===== EXERCISE INPUT =====

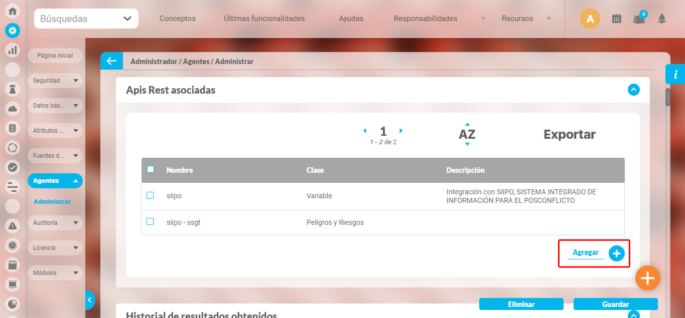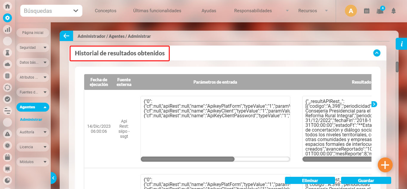 En esta sección llamada HIstorial de resultados obtenidos encontrarás todas las ejecuciones que el agente ha realizado, mostrando qué Api se ha ejecutado, cuales han sido los parámetros de entrada y cual ha sido el resultado obtenido.
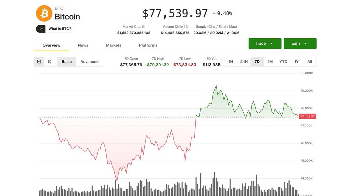 Search/NewsVideoPricesResearchConsensus 2026Data & IndicesSponsoredSearch/enMarketsShareShare this articleCopy linkX iconX (Twitter)LinkedInFacebookEmailBitcoin is on track for its best month in a year. $5 billion USDT growth fuels the reboundStrong earnings season trumps geopolitical risks for now, one trader said, as equities and crypto markets "stopped caring" about Iran war headlines.By Krisztian Sandor|Edited by Nikhilesh De Apr 24, 2026, 9:04 p.m. Make preferred on Bitcoin (BTC) price on April 24 (CoinDesk)What to know: Bitcoin, holding above $77,000 and up over 13% in April, is on pace for its strongest monthly performance in a year after a prolonged losing streak.A sharp increase in the supply of Tether’s USDT stablecoin to nearly $150 billion is boosting liquidity in crypto markets.Traders are watching whether bitcoin can break through the $79,000 resistance level, with the upco
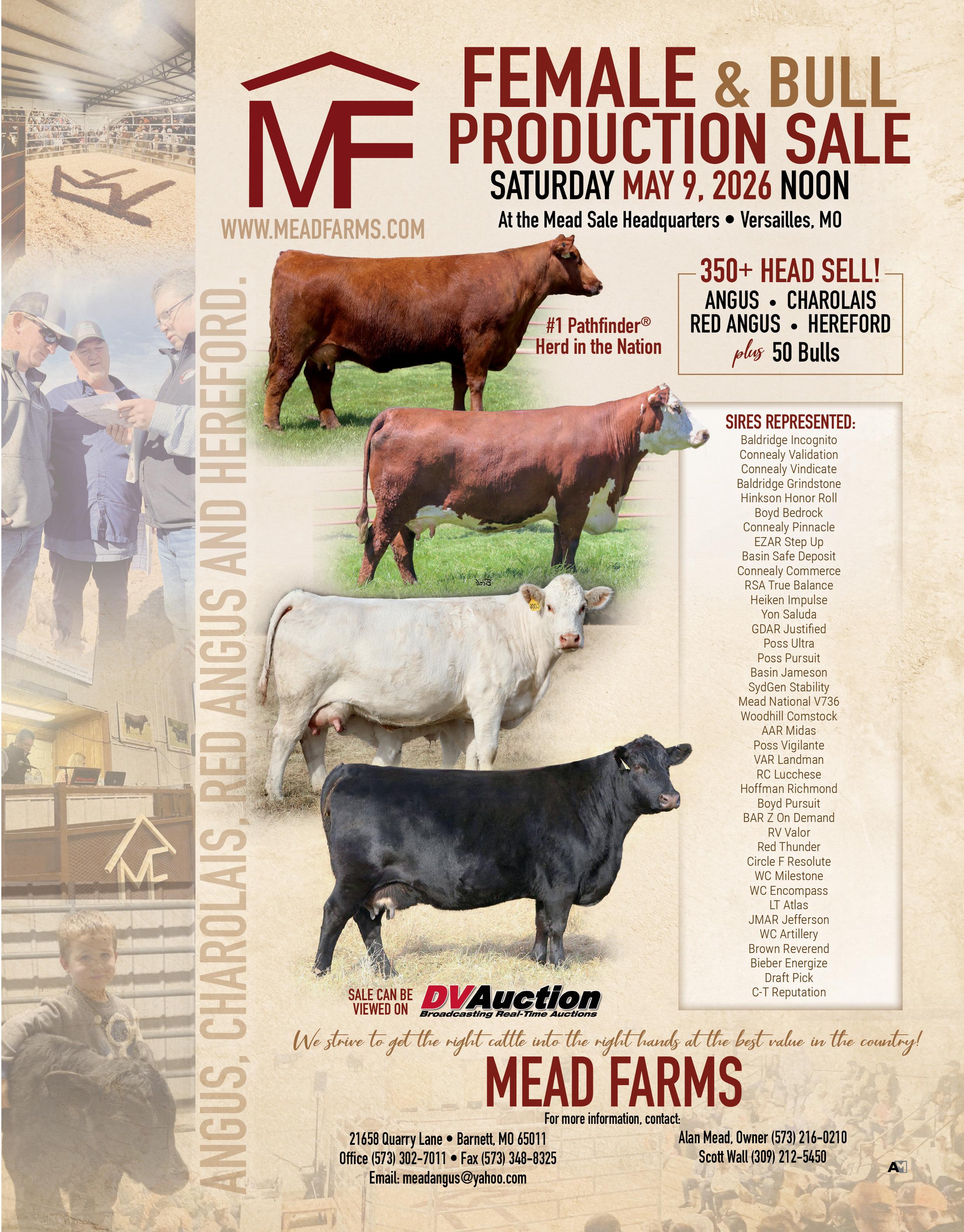 May 9 Mead Farms Spring Female & Bull Production Sale, Versailles, MO
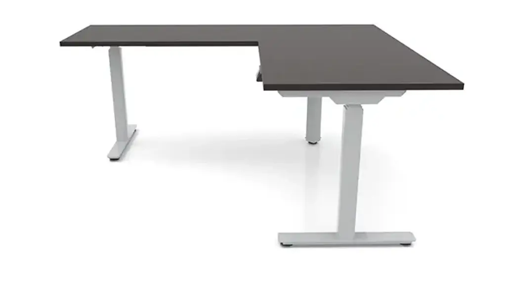 This Desk is Reversible StandUp Series Height adjustable 90 degree corner L desk allows you to work in the sitting or standing position. Raises the entire L shaped desk bringing all your work with you. Enjoy the health benefits of active working throughout the day as you change positions. The 3 motor, 3 stage legs adjust the work surface from 24-1/2" to 50" high. Desk is designed to handle all your monitors and equipment as it can easily hold up to 310lbs. Programmable height adjustment keypad allows you to program your preferred settings or move it up and down at the touch of a button. Available in several laminate top colors and 2 metal leg colors. Ships ready for easy assembly.
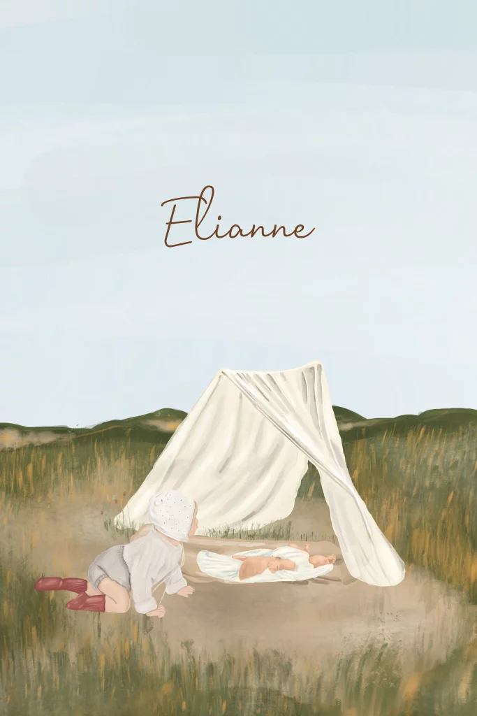 Schattig geboortekaartje voor een meisje. De grote zus kruipt om haar zusje heen terwijl ze samen genieten van de zon in de duinen. De kaart is helemaal aan te passen naar jullie wens en situatie zodat hij naadloos aansluit op jullie.

=====

» **AIM OF THE TASK**: Leave the pictures out and repeat exactly the lines from the beginning of the records to the line bearing "May 9 Mead Farms", both ends counted.

» **OUTPUT OF THE TASK**:
 En esta sección llamada HIstorial de resultados obtenidos encontrarás todas las ejecuciones que el agente ha realizado, mostrando qué Api se ha ejecutado, cuales han sido los parámetros de entrada y cual ha sido el resultado obtenido.
 Search/NewsVideoPricesResearchConsensus 2026Data & IndicesSponsoredSearch/enMarketsShareShare this articleCopy linkX iconX (Twitter)LinkedInFacebookEmailBitcoin is on track for its best month in a year. $5 billion USDT growth fuels the reboundStrong earnings season trumps geopolitical risks for now, one trader said, as equities and crypto markets "stopped caring" about Iran war headlines.By Krisztian Sandor|Edited by Nikhilesh De Apr 24, 2026, 9:04 p.m. Make preferred on Bitcoin (BTC) price on April 24 (CoinDesk)What to know: Bitcoin, holding above $77,000 and up over 13% in April, is on pace for its strongest monthly performance in a year after a prolonged losing streak.A sharp increase in the supply of Tether’s USDT stablecoin to nearly $150 billion is boosting liquidity in crypto markets.Traders are watching whether bitcoin can break through the $79,000 resistance level, with the upco
 May 9 Mead Farms Spring Female & Bull Production Sale, Versailles, MO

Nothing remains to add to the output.